> Exercise objective: Every line between the top of the data below and the line with "Салон вагона скоростного", both ends included, must be retyped exactly.

(Provided entries Opens)

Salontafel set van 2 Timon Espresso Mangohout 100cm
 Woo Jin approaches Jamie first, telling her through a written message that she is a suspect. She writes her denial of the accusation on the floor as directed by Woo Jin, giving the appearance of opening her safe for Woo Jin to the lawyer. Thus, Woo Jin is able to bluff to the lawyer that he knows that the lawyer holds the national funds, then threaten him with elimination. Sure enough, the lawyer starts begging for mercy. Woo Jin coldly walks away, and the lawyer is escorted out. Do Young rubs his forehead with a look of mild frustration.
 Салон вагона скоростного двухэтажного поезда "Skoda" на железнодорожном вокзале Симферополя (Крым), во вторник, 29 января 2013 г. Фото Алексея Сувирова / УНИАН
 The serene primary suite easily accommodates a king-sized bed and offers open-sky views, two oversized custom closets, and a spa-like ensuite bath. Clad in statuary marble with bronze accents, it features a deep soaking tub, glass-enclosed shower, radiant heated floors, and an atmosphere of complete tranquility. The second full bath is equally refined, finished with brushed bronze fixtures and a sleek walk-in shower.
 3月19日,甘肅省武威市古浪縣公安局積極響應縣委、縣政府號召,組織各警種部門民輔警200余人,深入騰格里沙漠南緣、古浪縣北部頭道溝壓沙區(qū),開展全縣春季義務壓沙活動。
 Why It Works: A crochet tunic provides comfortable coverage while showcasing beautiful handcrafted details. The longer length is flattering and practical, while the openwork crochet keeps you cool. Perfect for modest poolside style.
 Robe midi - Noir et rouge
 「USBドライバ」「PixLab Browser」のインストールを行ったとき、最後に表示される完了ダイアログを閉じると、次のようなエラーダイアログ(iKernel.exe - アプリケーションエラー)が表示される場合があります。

(Provided entries Closes)

> Output for this task:
Salontafel set van 2 Timon Espresso Mangohout 100cm
 Woo Jin approaches Jamie first, telling her through a written message that she is a suspect. She writes her denial of the accusation on the floor as directed by Woo Jin, giving the appearance of opening her safe for Woo Jin to the lawyer. Thus, Woo Jin is able to bluff to the lawyer that he knows that the lawyer holds the national funds, then threaten him with elimination. Sure enough, the lawyer starts begging for mercy. Woo Jin coldly walks away, and the lawyer is escorted out. Do Young rubs his forehead with a look of mild frustration.
 Салон вагона скоростного двухэтажного поезда "Skoda" на железнодорожном вокзале Симферополя (Крым), во вторник, 29 января 2013 г. Фото Алексея Сувирова / УНИАН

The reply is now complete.